A mother and father are trying hard to connect with their 3-year-old son, Alex, to no avail. The fire is lit at one minute and 51 seconds into the video. Alex makes a sound. Not a word. Just a sound. "Eeh."

From his vantage point -- on the floor of his office -- Stanley Greenspan seizes that "Eeh" to steer Alex's parents into their little boy's world, in much the same way that he guided the Elisofons into Samantha's world at the beginning of an 18-year journey that Samantha's mother recalls.

In an interview with CNN last summer, Greenspan was ailing and in pain.

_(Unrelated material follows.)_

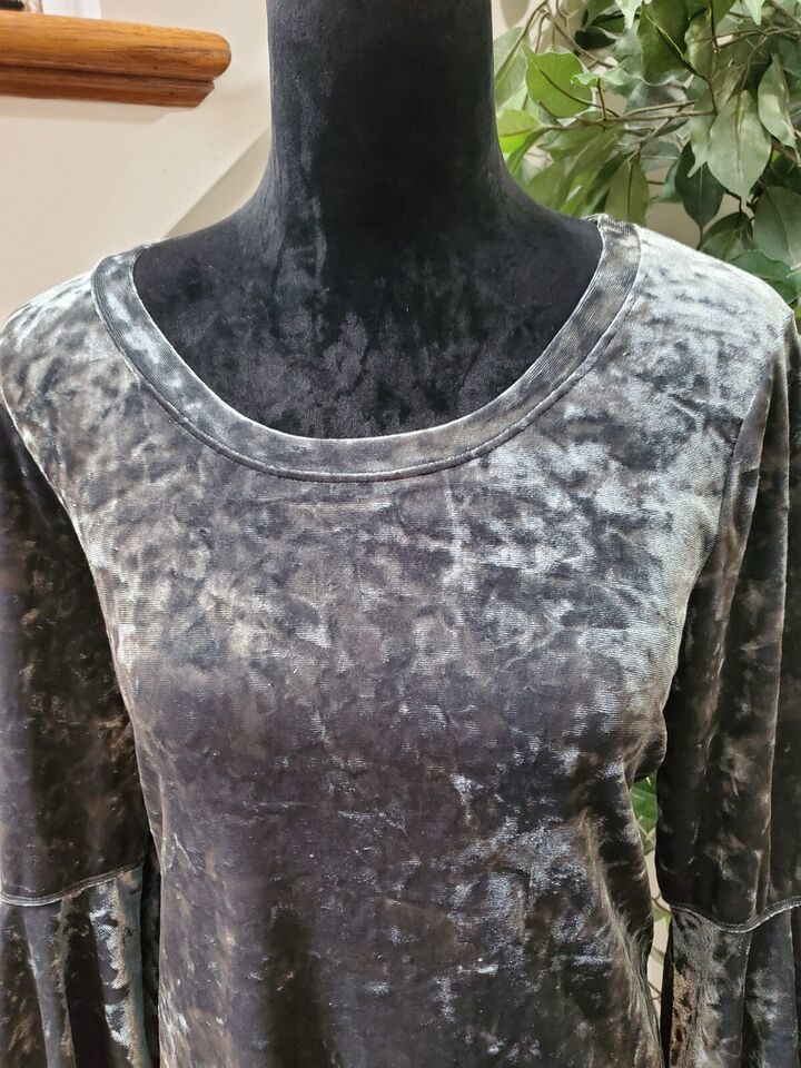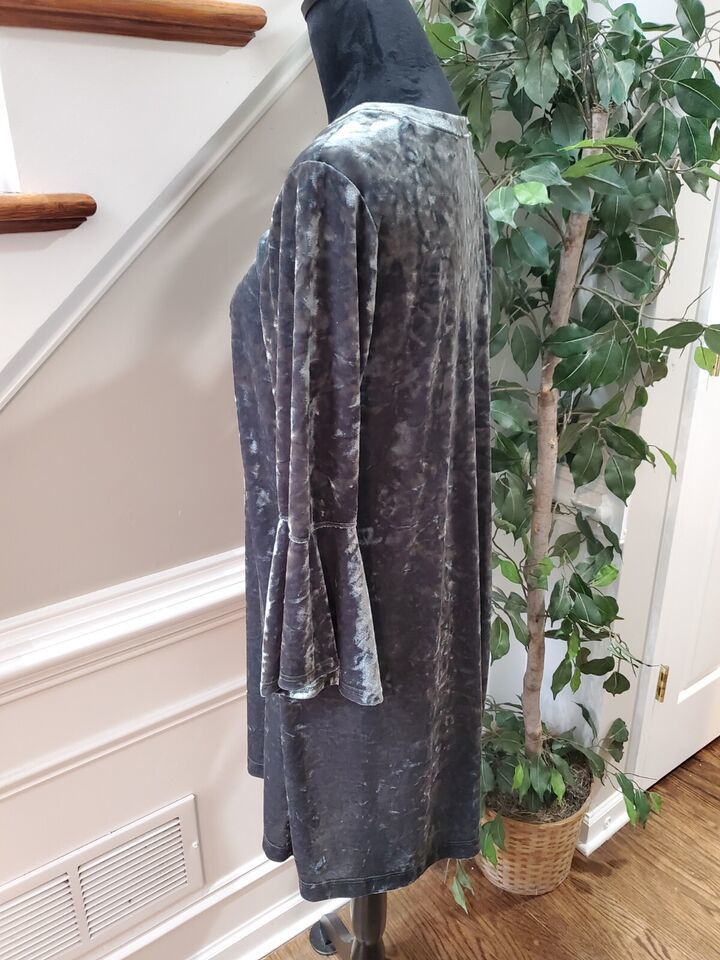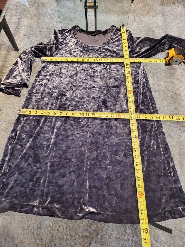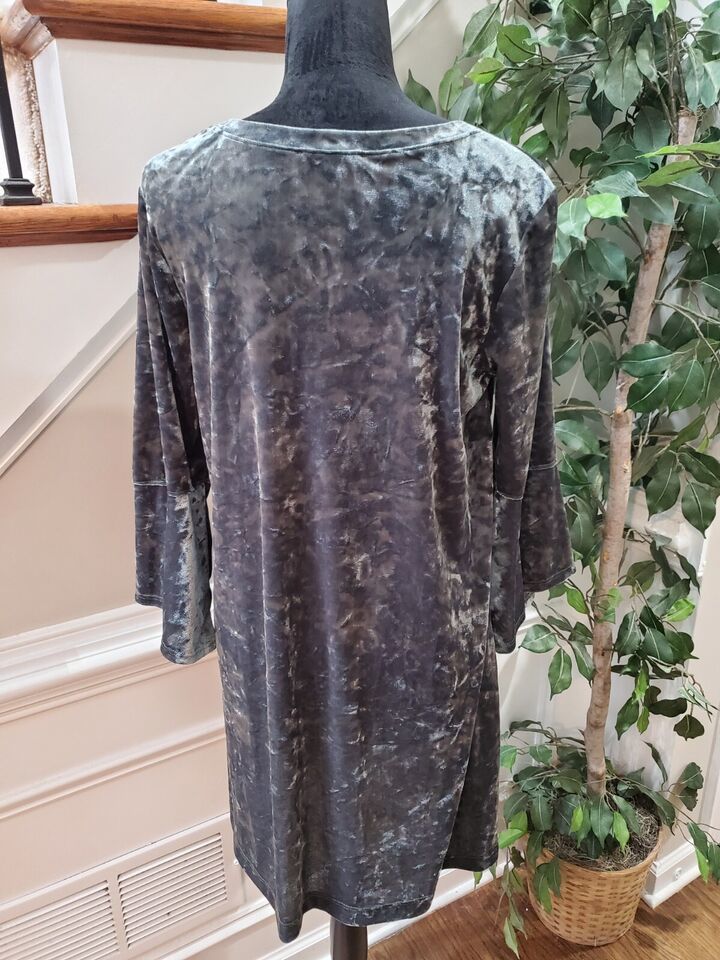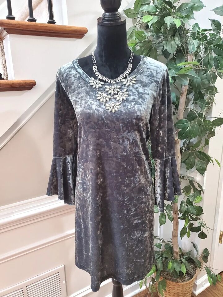 Nally & Millie Women Gray Polyester Round Neck Long Sleeve Knee Length Dress S/M

But his passion was intact.

"Each and every week when I see patients, I learn something new," he said.

Children were Greenspan's teachers. Parents too. "I still am amazed at gifted parents and what they teach me in my practice," he said.

One thing that makes his approach to autism, and parenting in general, so distinctive, is that he treated what appeared to be strange behaviors as windows of opportunity -- as new paths to distant lands.

Watching Greenspan recount for CNN the story of an autistic boy he'd seen a few days earlier reveals something beyond parenting though -- when you're passionate about your work, you can be ailing and cooking at the same time.